Forgive me if I get something wrong, I really haven't read the whole thread, just skimmed (always dangerous) but I if you simply wish to have lots of inputs, and lots of outputs, then I see no need to tristate anything.
This is especially true if you are using a teensy, which has more than one SPI port, you can dedicate an SPI port to output and input shift register (74HC595 for output and 74HC165 for input). I'm not sure why there is talk of buffers, tristating, and extra logic. Sure you'll need an extra latch pin, but this doesn't have to be part of the SPI port.. often people bitbang the SS/CS line anyway. You'll also need an extra line for the 165's to latch in their inputs to the register. I would daisy chain the 595's to MOSI, and the 165's to MISO. There are a few ways to do this, but having tristate buffers for each shift register so that you can read in from the 165's without writing/updating the output register seems over kill.

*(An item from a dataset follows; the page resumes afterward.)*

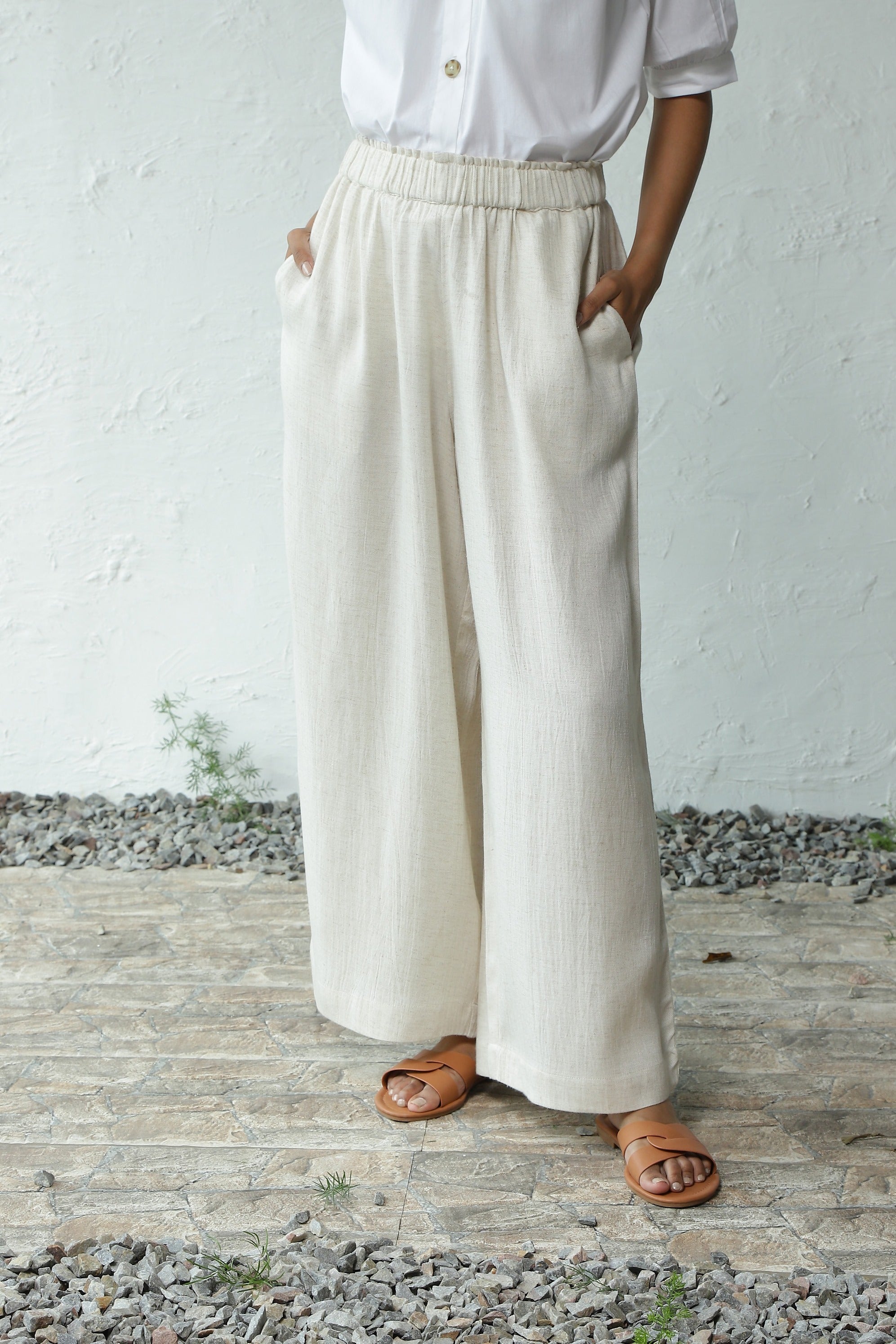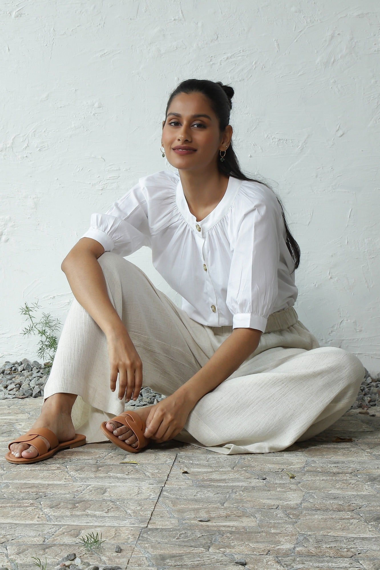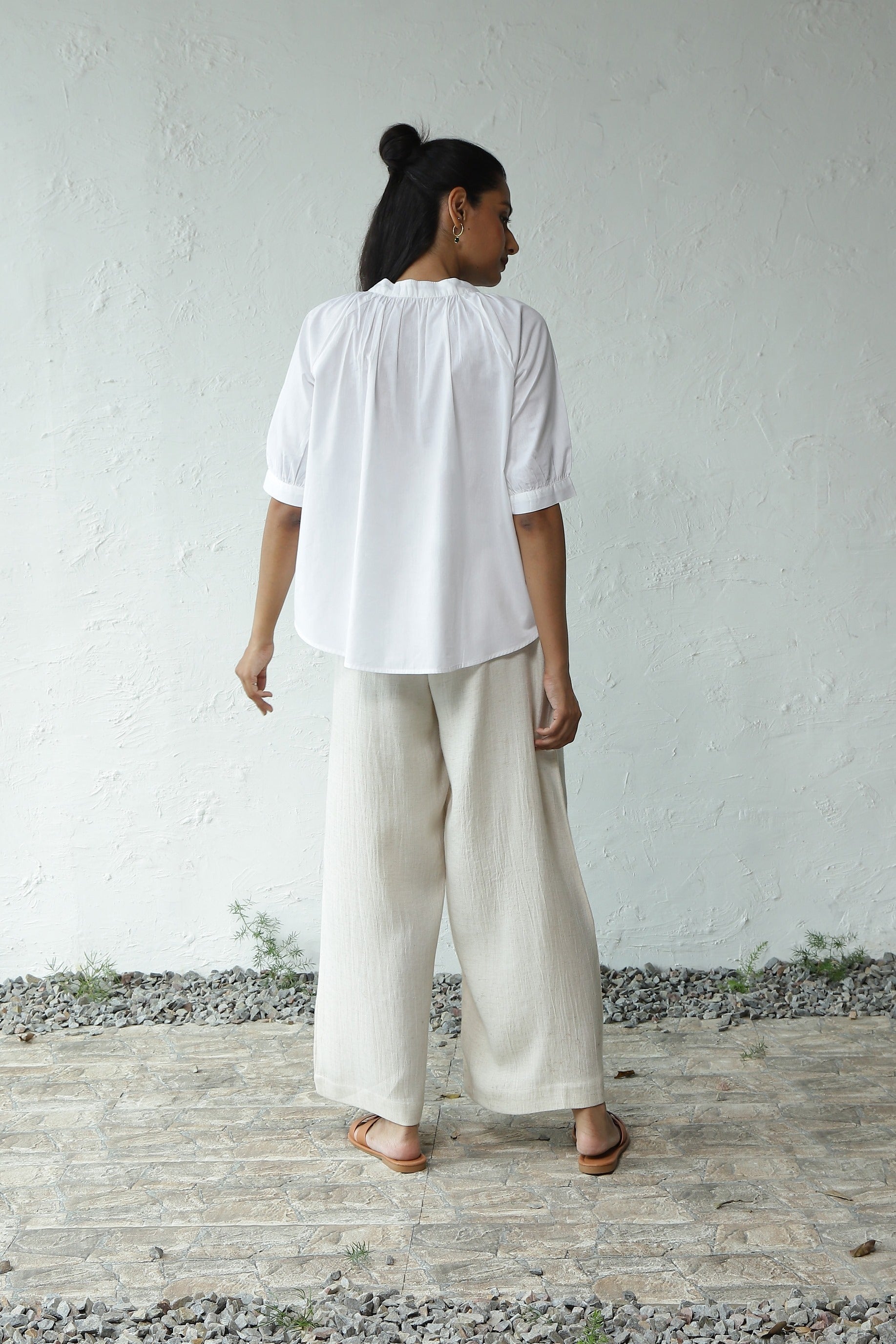Explore the City in Style with our Wander the City Co-ord Set. The top showcases elegant gathers around the neckline and front placket, highlighted by marble-patterned buttons, providing the option to style it as an open shirt. This versatile top effortlessly complements Canoopi's favorite Flex Rayon Breathable Flared Pants. The crushed-look pants, featuring an elasticated waistband, drawstring, and side pockets, ensure ease and comfort as you roam the streets, discovering more and more.

I think perhaps you're concentrating too much on the SPI spec rather than just using SPI to drive shift registers (which can have different control lines to actual SPI). The SPI port, in master mode, is just being used as a sift register and clock generator.
From what I have read - again could be wrong! - there is some confusion because there are lots of terms that can be inter-changable depending on the application, /OE, /CS, /SS, latch, Rclk, clock enable etc..
Diagrams are much better.